With the interest rate cut cycle around the corner, Bank of India (BoI) is tweaking its lending strategy to enhance the share of the marginal cost of funds-based lending rate (MCLR)-linked loans from about 29 per cent now to 35 per cent in the next two to three years.
Rajneesh Karnatak, managing director and chief executive of BoI, told Business Standard that earnings from external benchmark-linked rate (EBLR) loans to retail and micro, small and medium enterprises (MSMEs) will be impacted and may also dent net interest margins (NIM) when the policy repo rate is cut.
For the Mumbai-based lender, EBLR-linked loans had a 48.34 per cent share in advances at the end of December 2024, up from 47.73 per cent a year ago. The share of MCLR-linked loans was about 32.9 per cent at the end of December 2023. Its NIM stood at 2.8 per cent in December 2024, compared to 2.85 per cent a year ago.
For the banking sector, the share of MCLR-linked loans fell from 62.3 per cent in March 2021 to 45.4 per cent in March 2023 and further to 39.2 per cent in March 2024. The share of EBLR-linked loans grew from 29.5 per cent in March 2021 to 49.6 per cent in March 2023 and rose further to 56.6 per cent in March 2024, according to the Reserve Bank of India’s monetary policy report (September 2024).
While there is competition for non-MSME loans, the public sector lender will gradually nudge corporates to shift some of their term loans to MCLR as a benchmark for pricing. Many corporate loans are linked to the repo rate. This change is not expected to happen overnight, and the share of MCLR in the total loan book will grow over the next two to three years, Karnatak said.
The bank continues to maintain its aim to enhance the share of retail, agriculture and MSME (RAM) to 60 per cent of total advances in the medium term, up from the current 57 per cent. The balance of the loan book constitutes corporate loans.
Turning to the outlook for the next financial year (2025-26/FY26), Karnatak said the pace of business growth — credit and deposits — will moderate to 12-13 per cent after elevated growth in the year ending March 2025 (2024-25). The moderation reflects prudence and the changing business and economic environment. Credit has expanded by 15.3 per cent year-on-year (Y-o-Y) and deposits by 12.29 per cent Y-o-Y at the end of December 2024.

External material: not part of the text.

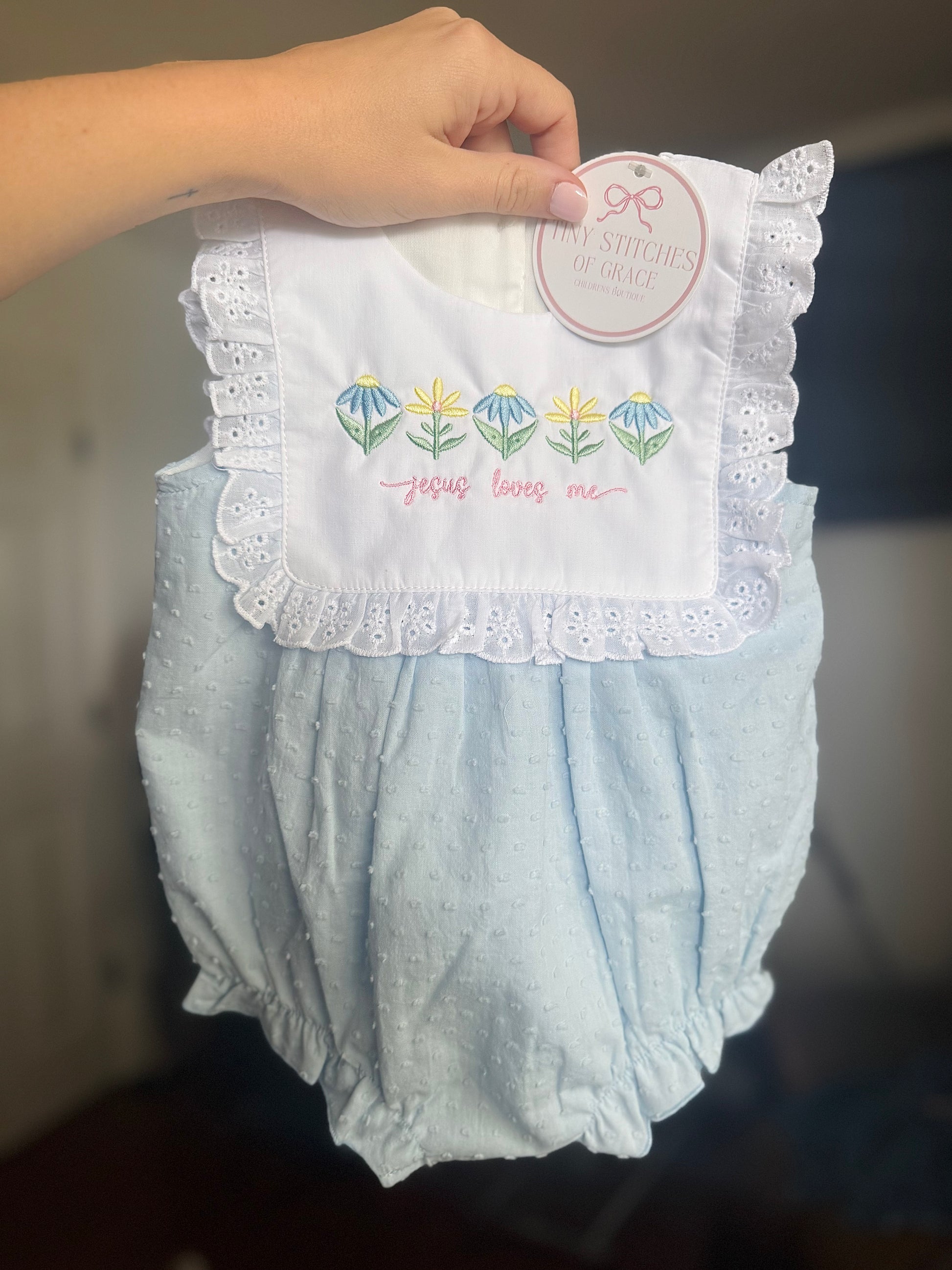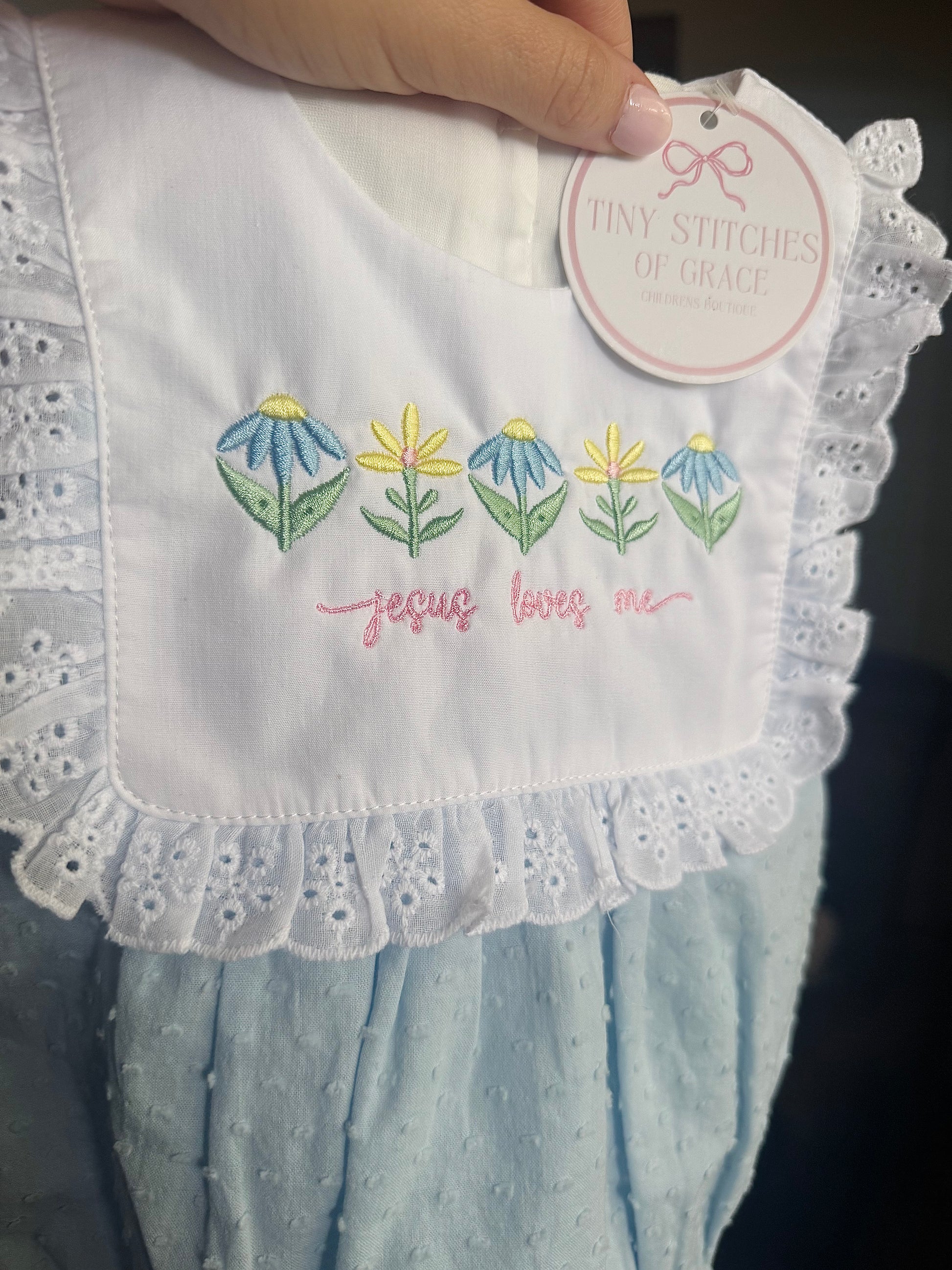 The prettiest blue Swiss dot bubble adorned in embroidered florals and the sweetest reminder that we are loved by Jesus :)

India Ratings & Research, in its outlook for the country’s banking system (January 2025), said deposit growth could be 12-13 per cent in FY26, with high competitive intensity for garnering low-cost current account savings account deposits. Credit could expand by 13-13.5 per cent in FY26, but the mix is likely to change with a continued slowdown in lending to non-banking financial companies and the retail sector.